*DATASET CONTENT*:
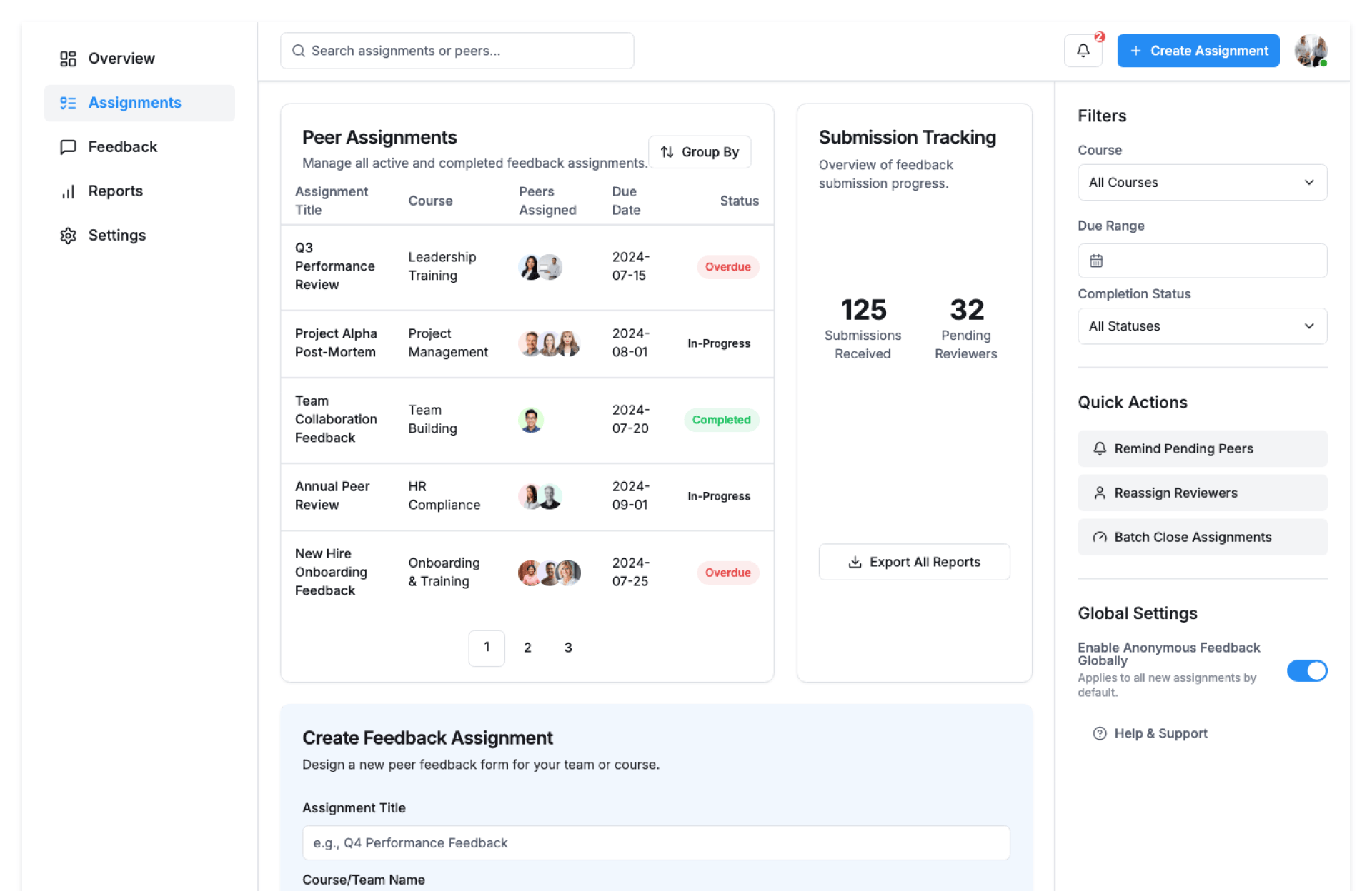The Peer Feedback Collector by Kriatix enables institutions and training teams to collect structured peer-to-peer feedback effortlessly. It standardizes how learners review each other’s work, ensuring feedback is fair, actionable, and easy to analyze.
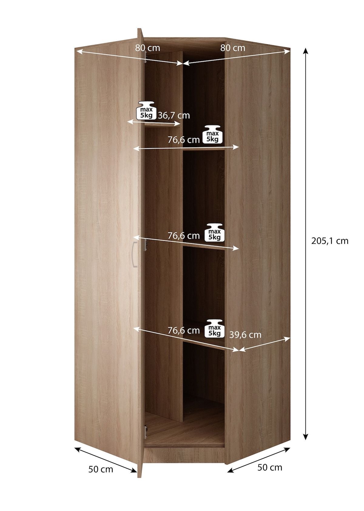 Meubella - Kledingkast Heaven 2 - Eiken - 80 cm
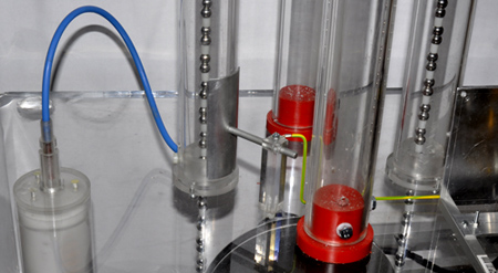 Atmosphäre. Es ist auf einem Plexiglastischen aufgebaut. Vier 150 cm lange

*PROBLEM DESCRIPTION*: Print the material word for word; images are to be left out.

*TASK ANSWER*:
The Peer Feedback Collector by Kriatix enables institutions and training teams to collect structured peer-to-peer feedback effortlessly. It standardizes how learners review each other’s work, ensuring feedback is fair, actionable, and easy to analyze.
 Meubella - Kledingkast Heaven 2 - Eiken - 80 cm
 Atmosphäre. Es ist auf einem Plexiglastischen aufgebaut. Vier 150 cm lange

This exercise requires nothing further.